Coronavirus SARS-CoV-2

Präventionsmaßnahmen und Vorsorge

Aktuelle Informationen und Hinweise zum Corona-Virus

Stand 02.04.2020, 17:30 Uhr

Land Hessen beschließt Bußgelder zum Schutz der Bevölkerung

Aktuelle Informationen veröffentlicht durch den Landkreis Darmstadt- Dieburg immer hier.

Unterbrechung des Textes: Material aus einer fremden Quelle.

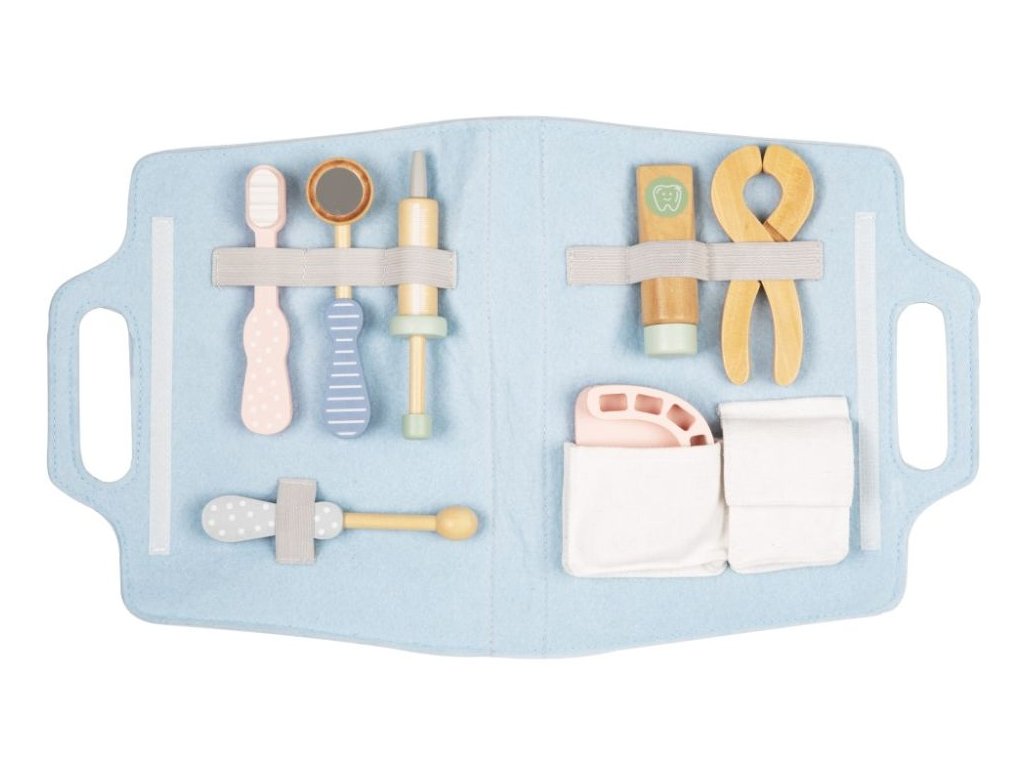 Značka eliNeli prináša do detského sveta moderný dizajn v spojení s moderným európskym štýlom inšpirovaným nemeckou kvalitou a dizajnom. Prioritou pri výrobe sú prírodné materiály, prírodné drevo, čím podporuje udržateľnosť a bezpečnosť hračiek. Nové výrobky prechádzajú prísnymi bezpečnostnými testami TÜV Rheinland, čo zaisťuje bezpečnú hru deťom a pokoj rodičom. S eliNeli sa deti učia, tvoria a rastú v bezpečnom a podnetnom prostredí, ktoré nielen spĺňa, ale prekonáva ich očakávania. Doktorský kufrík (brašna) Zubár v sebe skrýva sadu drevených potrieb pre malých zubárov. V praktickej a jednoducho prenosnej brašne deti nájdu ďasná s bielymi zúbkami, ale aj s pár zúbkov, ktoré navštívil červík. Je načase vžiť sa do role naozajstného zubára a zúbky vyliečiť. Najskôr je potreba zúbky poriadne prezrieť pomocou zrkadla, nasledovať bude injekcia, ktorá ďasná znecitliví a teraz sa vaše dieťatko môže pustiť do vŕtania a trhania pokazených zubov. Drevená hračka skvele poslúži aj rodičom na názornú ukážku, ako sa správne stará o zúbky, ako si zúbky správne čistiť a na ukážku, ako to dopadá, keď sa zúbky nečistia alebo čistia nesprávne. Drevená hračka sada pre zubárov navyše zbaví deti obáv z návštev vlastného zubára. Môžu sa na preventívnu prehliadku zahrať vo svojej izbičke a ďalšia návšteva potom bude jednou zo zábavných hier. Prečo vybrať túto doktorskú sadu pre deti: Prírodný materiál - eliNeli kladie dôraz na výrobu z dreva a prírodných materiálov, čím zaisťuje ekologickú šetrnosť a bezpečnosť hračiek. Zubár - doktorský kufrík s potrebami pre malých zubárov. Neutrálne farby - vďaka kombinácii prírodného dreva a neutrálnym farbám je sada Zubár krásnym darčekom pre dievčatká aj chlapcov. Zábavná hra - s lekárskym kufríkom pre zubárov sa deti môžu zahrať na naozajstných zubárov. Pomocou zrkadla môžu prezrieť zúbky zo všetkých strán, ošetriť boľavé ďasná, pokazené zúbky vyvŕtať alebo rovno vytrhnúť. Učebná pomôcka - pomocou drevenej sady Zubár môžete deťom názorne predviesť, ako sa správne čistia zúbky a ako to dopadá, keď sa ústna hygiena zanedbá. Návšteva zubára bez obáv - s detským setom pre zubárov sa deti môžu vžiť do role svojho zubára alebo zubárky a vyskúšať si ich prácu na vlastnej koži. Pri ďalšej návšteve zubára si deti spomenú na zábavnú domácu hru. Nácvik návštevy zubára - s pomocou sady pre zubárov môžete vášmu dieťatku názorne predviesť, čo ho bude čakať pri návšteve zubára. Deti tak budú na preventívne vyšetrenie aj ošetrenie zúbkov pripravené a nebudú mať z návštevy zubára strach. Vysoké bezpečnostné štandardy - hračka prešla prísnymi nemeckými bezpečnostnými testami TÜV Rheinland, čo zaručuje maximálnu bezpečnosť pre vaše deti. Hračka bezpečná pre deti - vyrobená z prírodných materiálov, natretá bezpečnými, netoxickými, vodou riediteľnými farbami. Technické parametre: Rozmer: 23 x 5 x 28,7 cm. Rozmer balenia: 23 x 5 28,7 cm. Hmotnosť: cca 450 g. Materiál: Jalovcové drevo, bukové drevo, MDF, látka. Certifikáty a normy: CE, 2009/48/ES, TÜV Rheinland, EN 71-1, 2 a 3. Odporúčaný vek: od 3 rokov, 36m+. Viac o produktoch eliNeli nájdete na: https://www.elineli.eu/sk/. Často kladené otázky: Je hračka bezpečná pre deti? Doktorská sada Zubár eliNeli je testovaná, vhodná a bezpečná pre deti a vydrží vašim deťom dlho. Hračka prešla prísnymi bezpečnostnými testami TÜV Rheinland. Spĺňa požiadavky smernice o bezpečnosti hračiek 2009/48/ES a normy o nezávadnosti a bezpečnosti hračiek EN 71-1, 2, 3, kedy sa testujú mechanické a fyzikálne vlastnosti, horľavosť aj migrácia určitých látok. Lekársky kufrík Zubár otestoval a Certifikát o zhode (Osvedčenie o zhode - CE) udelil technický a skúšobný ústav. So sadou pre malých zubárov od eliNeli máte istotu, že je pre vaše deti vhodná a bezpečná, je testovaná, na náter sú použité netoxické, zdravotne nezávadné laky a farby.Dodatočné parametre

Aktuell: Sperrung der Wanderparkplätze kreisweit

Presseinformationen aus Ober-Ramstadt
zum Corona-Virus


Ober-Ramstädter Hilfenetzwerk und nachbarschaftliche Hilfe

In Corona Zeiten weiterhin regional einkaufen, auch wenn die Ladengeschäfte geschlossen bleiben müssen und der Besuch gastronomischer Betriebe nicht gestattet ist:


Unterstützung für hilfebedürftige Menschen im Rahmen der nachbarschaftlichen Hilfe. Im Seniorenbüro kann sowohl ein Hilfebedarf als auch eine Engagement-Bereitschaft gemeldet werden. Passende Kontakte werden dann vermittelt:



Soforthilfe und Darlehen für den Kulturbereich und die Wirtschaft


Bundesregierung beschließt Soforthilfe für den Kulturbereich


Für Kunstschaffende und kreative Freiberufler wurden Hilfspakete zur Bewältigung der Corona-Pandemie als Rettungsschirm für den Kultur-, Kreativ- und Medienbereich von der Bundesregierung geschaffen. Die Bundeshilfen ruhen auf drei großen Säulen, die geeignet sind, gerade auf die spezifischen Lebens- und Arbeitsbedingungen der Kreativen zu reagieren:

1)  Kleinen Unternehmen wird bei der Betriebssicherung geholfen
2)  Persönliche Lebensumstände werden abgesichert
3)  Mit vielen rechtlichen Einzelmaßnahmen sollen Härten abgemildert werden


Hessen stützt hessische Wirtschaft mit Soforthilfe und Darlehen -
Stand 25. März


Hessen schnürt ein millionenschweres Soforthilfeprogramm und stockt die Mittel der Bundesregierung mit einem eigenen Zuschuss auf.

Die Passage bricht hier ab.